Клавдио. Вам известно что-нибудь такое, Геро?

Геро. Нет, граф.

Монах. А вам известно, граф?

Леонато. Осмелюсь ответить за него: нет.

. О, чего только не смеют делать люди! Чего только они не могут сделать! Чего только не делают они ежедневно, не ведая, что делают!

Бенедикт. Что это за междометия! Что-жь, есть междометия и для смеха, как, например, ха, ха, ха!

Клавдио. Остановись, монах. С вашего позволения, отец - скажите, свободно-ли, без принуждения, отдаете вы мне эту девицу, вашу дочь?

Леонато. Так же свободно, мой сын, как свободно даровал мне ее Господь.

Клавдио. Что же я могу вам дать взамен столь большего и драгоценного дара?

Дон Педро. Ничего, если не возвратишь ее назад.

Клавдио. Благородный принц, вы меня научаете благороднейшей признательности... Вот ваша дочь, Леонато, возьмите ее назад, не дарите этот испорченный апельсин вашему другу; у ней лишь внешность и подобие чести. Посмотрите, как девственно она краснеет. О, какое достоинство, какую правдивость может скрывать лукавый грех! Разве эта кровь не является стыдливым свидетельством её скромной чистоты! Вы все, видящие ее здесь, разве не поклянетесь, по её внешнему виду, что это дева? Но нет, ей знакома жгучесть сладострастного ложа. А эта краска - только краска стыда, а не целомудрия.

Леонато. Что вы хотите сказать, граф?

Клавдио. Я хочу сказать, что не женюсь, не свяжу своей души с этой отъявленной блудницей...

. Любезный граф, если вы сами, в виде испытания, победили сопротивление её юности и лишили девственности...

Клавдио. О, я знаю, что вы хотите сказать! Если она мне отдалась, хотите вы сказать, то отдалась как будущему мужу, и это, извиняет её грех!.. Нет, Леонате, я никогда не искушал ее слишком вольным словом: я, как брат сестре, выказывал ей всегда скромную дружбу и чистую любовь.

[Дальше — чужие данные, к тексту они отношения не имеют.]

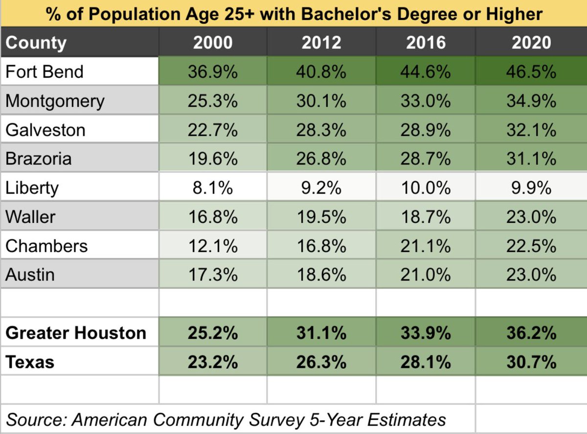Fort Bend County (47%) has the highest share of college grads in the region, then Montgomery (35%), Galveston (32%) & Brazoria (31%)

Геро. А разве я когда-нибудь казалась вам не такой?

Клавдио. Прочь с этим "казалась"! Я разоблачу его; ты мне казалась Дианой в её лучезарной сфере, столь-же чистой, как нераспустившаеся еще почка цветка; но в крови у тебя больше сладострастного жара, чем в крови Венеры или тех похотливых животных, которые вечно пребывают в дикой чувственности.

Геро. Ужь не больны-ли вы, граф? Вы говорите так дико!

Леонато. Любезный принц, отчего вы не вмешаетесь?

Дон Педро. Да что могу я сказать? Я и сам обезчещен тем, что старался образовать союз моего дорогого друга с падшей женщиной.

Леонато. Неужели все это я действительно слышу? Не сон-ли это?

Дон Жуан. Эти слова действительны и справедливы.

Бенедикт. Ну, это не похоже на свадьбу.

Геро. Справедливо? О, Боже!

Клавдио

Леонато. Все это так, как вы говорите, но что из этого, граф?

Клавдио. Позвольте мне сделать один лишь вопрос вашей дочери и вашей родительской властью заставьте ее сказать правду.

Леонато. Я приказываю тебе, как моему дитяти.

Геро. О, Боже, как они меня позорят! К чему это допрос?

Клавдио. К чему? Чтобы ты сказала свое истинное имя.

Геро. А разве это имя не Геро? Кто может запятнать его справедливыми упреками?

Клавдио. Сама Геро! Сама Геро может запятнать добродетели Геро. Кто был тот мужчина, с которым ты говорила из окна твоей комнаты около двенадцати часов ночи? Если ты дева,- скажи правду.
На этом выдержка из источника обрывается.